Bogdan, in its turn, has got lucrative defense contracts of its own. In 2017, Bogdan supplied special military ambulance cars to the army. Gladkovskiy continues to own Bogdan even as he holds public office.
Poroshenko co-founded Bogdan and was among the owners until 2013.
Hit back
UkrOboronProm called the Novoye Vremya investigation unbalanced and baseless. It also said there were “no complaints from soldiers” regarding the quality of the purchased armored vehicles.

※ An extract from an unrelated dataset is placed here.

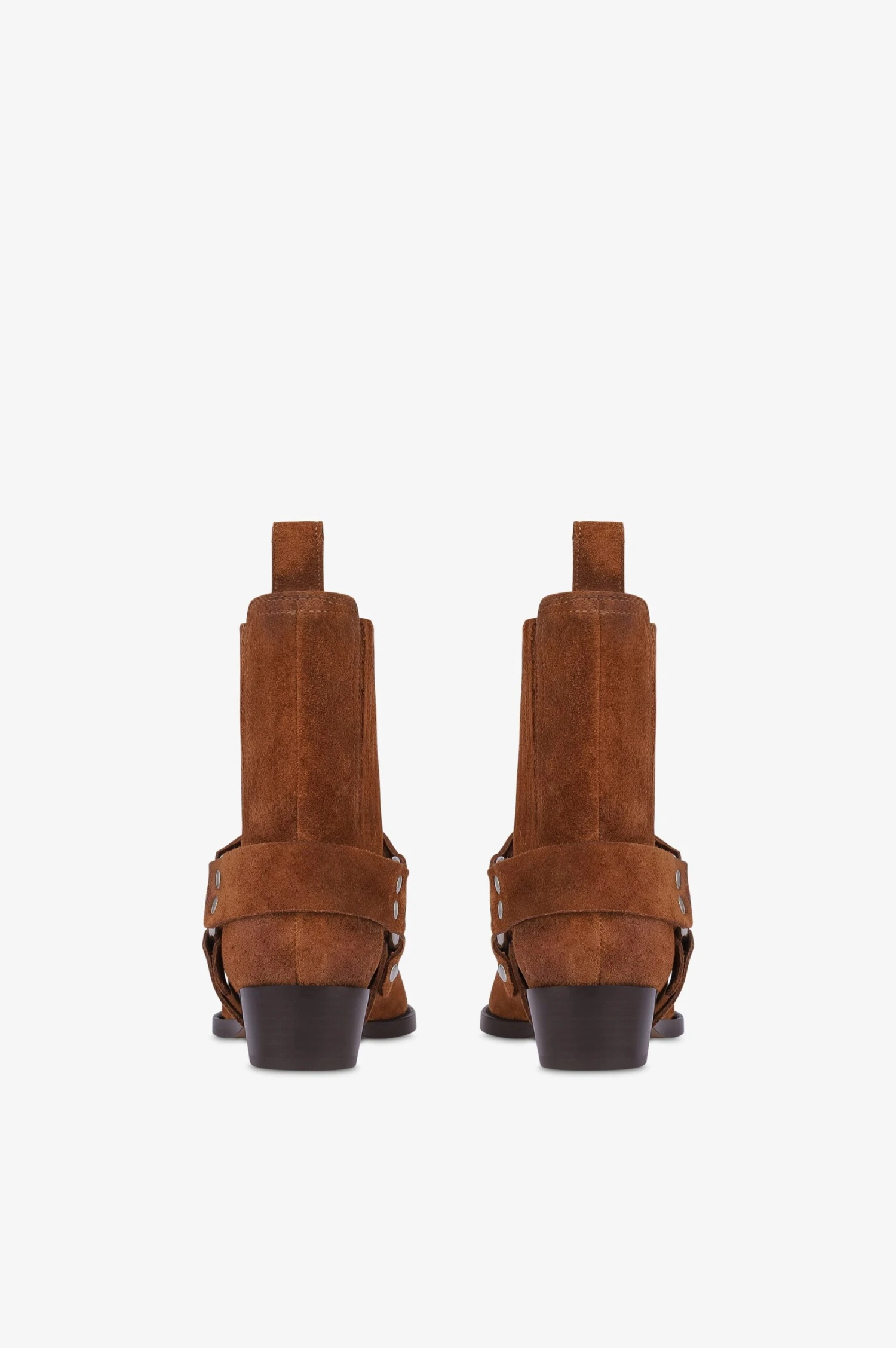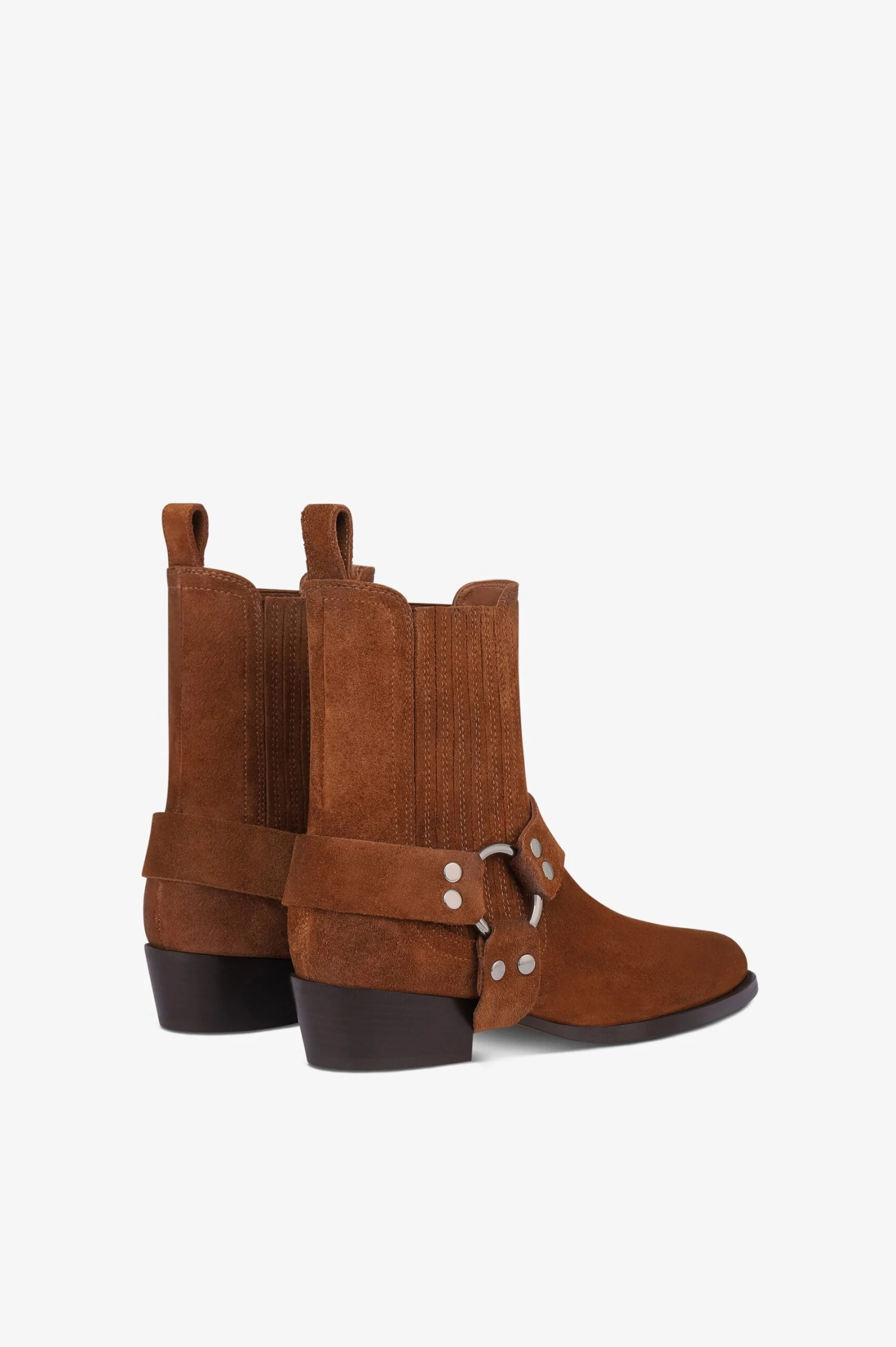 Ankle boots in cognac calf suede leather with a strap and metal ring detail. Made in Italy.

The UkrOboronProm press service accused the magazine of not publishing the company’s position.
The story’s author, Ivan Verstyuk, confirmed he didn’t seek comment from UkrOboronProm and said he regrets it.
“I was going after Pashynskiy and Gladkovskiy in my story, not UkrOboronProm. But I should have sought their comment too,” said Verstyuk, a former Kyiv Post business editor.
Verstyuk said that, since the story ran, he and his colleagues are under pressure.
He said that Pashynskiy and some others have been threatening to take the magazine to court.
Apart from sending his lawyers to the magazine, Pashynskiy also portrayed the story as hurting Ukraine, saying it was “an attack not even on myself but on Ukraine’s attempts to increase the defense potential of its army.”
Pashynskiy invited the chief editor and the author of the story to discuss the report on April 18 at the meeting of the parliament’s defense committee that he heads. But the journalists refused to come.
“We don’t think that Serhiy Pashynskiy can investigate Serhiy Pashynskiy,” Sych said.